Lehrkräfte-Umfrage: Zu viel Bürokratie, zu wenig Zeit für guten Unterricht

15

BERLIN. Lehrkräfte müssen sich mit viel zu viel bürokratischem Aufwand auseinandersetzen. Dies geht zulasten ihres Fachunterrichts. Das geht aus einer Online-Umfrage des Deutschen Philologenverbandes (DPhV) unter mehr als 3000 Lehrkräften an Gymnasien in ganz Deutschland hervor. Der DPhV leitet daraus eine konkrete politische Forderung ab – Schulassistenten!

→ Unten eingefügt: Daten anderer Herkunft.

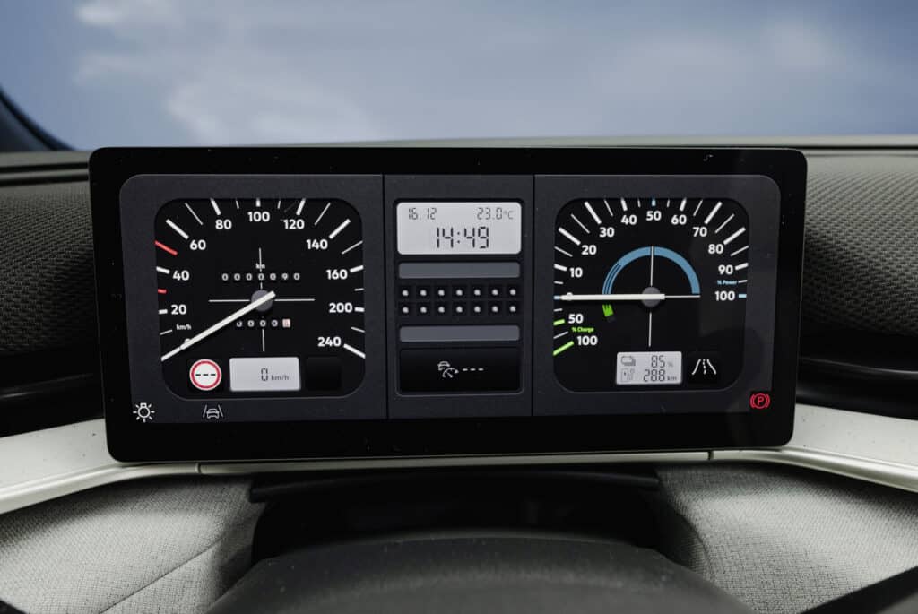 Her er fortsat to skærme. Den mindste bag rattet viser blandt andet hastighed og batteristatus. Med tryk på en enkelt knap skifter skærmbilledet til en tro kopi af speedometer og omdrejningstæller i de første Polo og Golf. Det er rendyrket firser-nostalgi, så her har VW måske skævet til Renault, der har stor succes med deres retro-moderne elbiler 4 og 5.

„Schulassistenten für jede Schule“: Susanne Lin-Klitzing, Bundesvorsitzende des Deutschen Philologenverbands. Foto: Deutscher Philologenverband

Demnach schränkt der bürokratische Aufwand bei knapp 78 Prozent der befragten Lehrkräfte die Qualität ihres Fachunterrichts ein. Knapp 85 Prozent der befragten Lehrkräfte halten den bürokratischen und unterrichtsfernen Aufwand, den sie zusätzlich zu ihrer Tätigkeit als Klassen- und Fachlehrkräfte bewältigen müssen, für unangemessen und belastend.

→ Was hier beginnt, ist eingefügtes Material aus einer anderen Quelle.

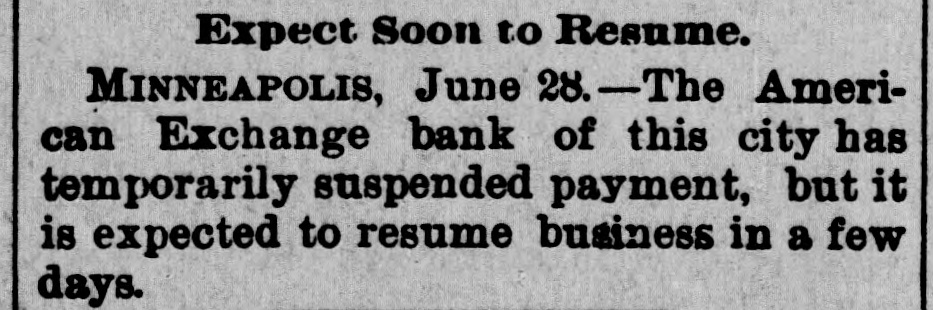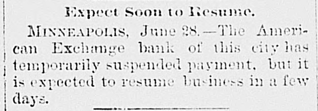 Expect Soon to Resume. MINNEAPOLIS, June 28.-The American Exchange bank of this city has temporarily suspended payment, but it is expected to resume business in a few days.
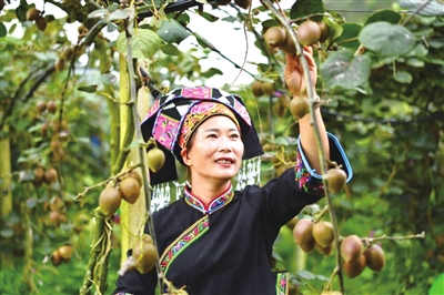2016年,西畴县引进文山浩弘农业开发有限公司,在三光片区打造猕猴桃基地,朱廷会就成了这里的常客。施肥、修枝、采摘、分拣,每一道工序她都烂熟于心。一年到头,这里基本都有活儿干,收入稳定而可观。

Zum belastenden „bürokratischen Aufwand“, der aus Sicht des Deutschen Philologenverbandes professionell besser von Schulassistenten erledigt werden sollte, gehören für knapp 79 Prozent der Klassenlehrerinnen und Klassenlehrer unter anderem die Abrechnungen für Klassenfahrten. Mehr als 72 Prozent der befragten Klassenlehrerinnen und -lehrer haben während der Corona-Zeit den Corona-Impfstatus ihrer Schülerinnen und Schüler kontrolliert. Unabhängig von Corona müssen knapp 57 Prozent von ihnen den Masern-Impfstatus der Schülerinnen und Schüler kontrollieren. Auch mehr als 56 Prozent der befragten Fachlehrkräfte kontrollierten den Corona-Impfstatus, mehr als die Hälfte von ihnen gab an, sich ebenfalls um die Abrechnung der Klassenfahrten kümmern zu müssen.

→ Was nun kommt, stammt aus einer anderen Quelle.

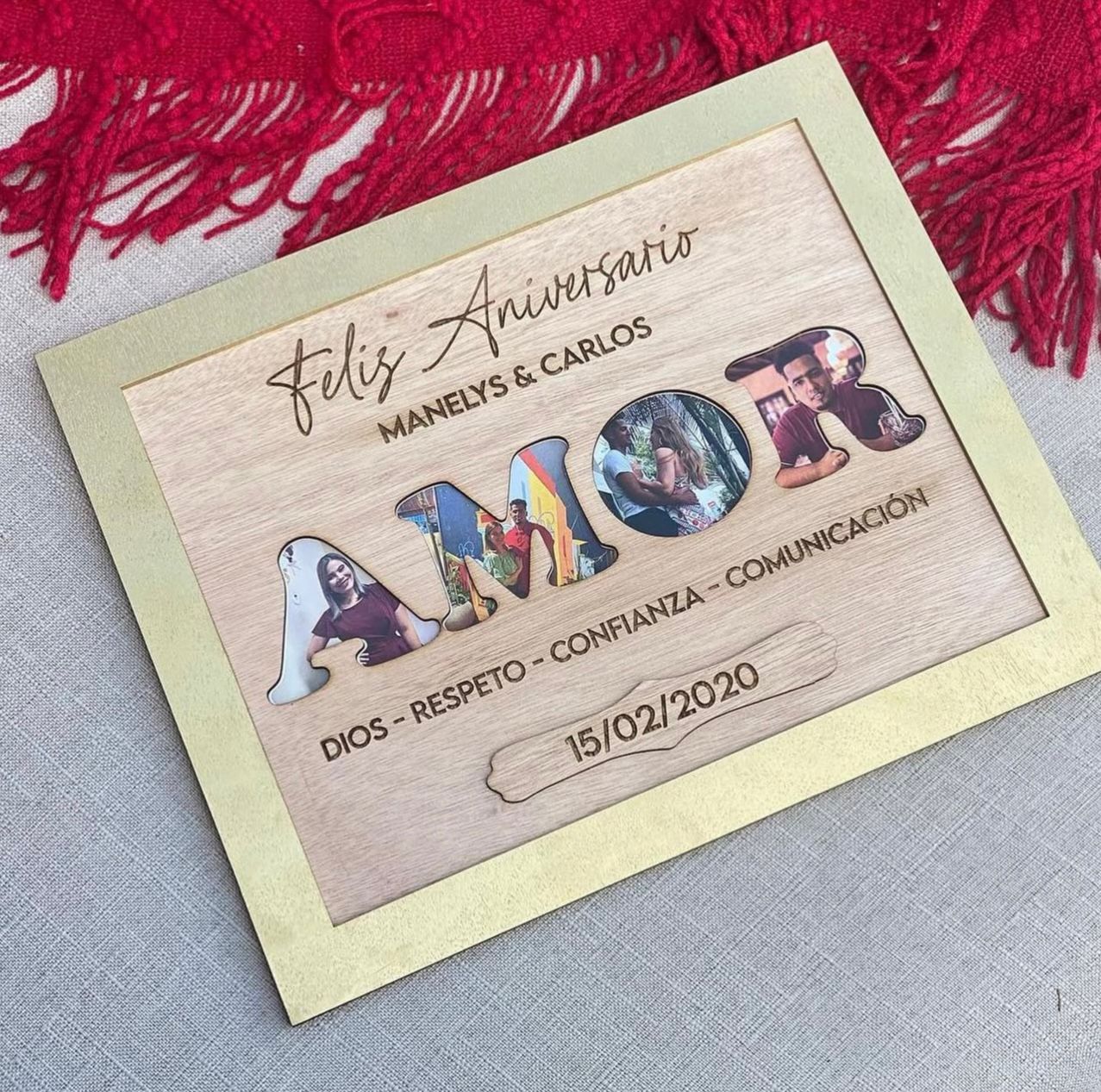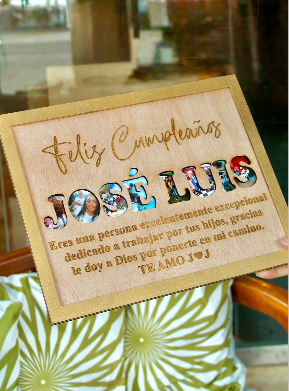 Este cuadro en madera combina arte y personalización, presentando el nombre y fotos organizadas por cada letra. Además, incluye una frase grabada que le aporta un toque único y emotivo. Perfecto para decorar espacios con un significado especial o para regalar un detalle memorable y personalizado. Su diseño elegante y acabado en madera natural realzan cualquier ambiente, haciendo de este cuadro un recuerdo duradero y lleno de estilo.

„Selbstverständlich brauchen Klassenlehrer und Klassenlehrerinnen eine extra Klassenleitungsstunde“

Außerdem müssen zum Beispiel pädagogische Maßnahmen und Abläufe, Sitzungen, Konferenzen, Elterngespräche und Förderpläne dokumentiert werden. Auch elektronische Klassenbücher, die in Schulen in manchen Bundesländern bereits eingeführt sind und Aussagen zu Stundeninhalten und Anwesenheiten beinhalten, sind derzeit noch zu arbeitsintensiv in der Handhabung, bemängelt der Verband.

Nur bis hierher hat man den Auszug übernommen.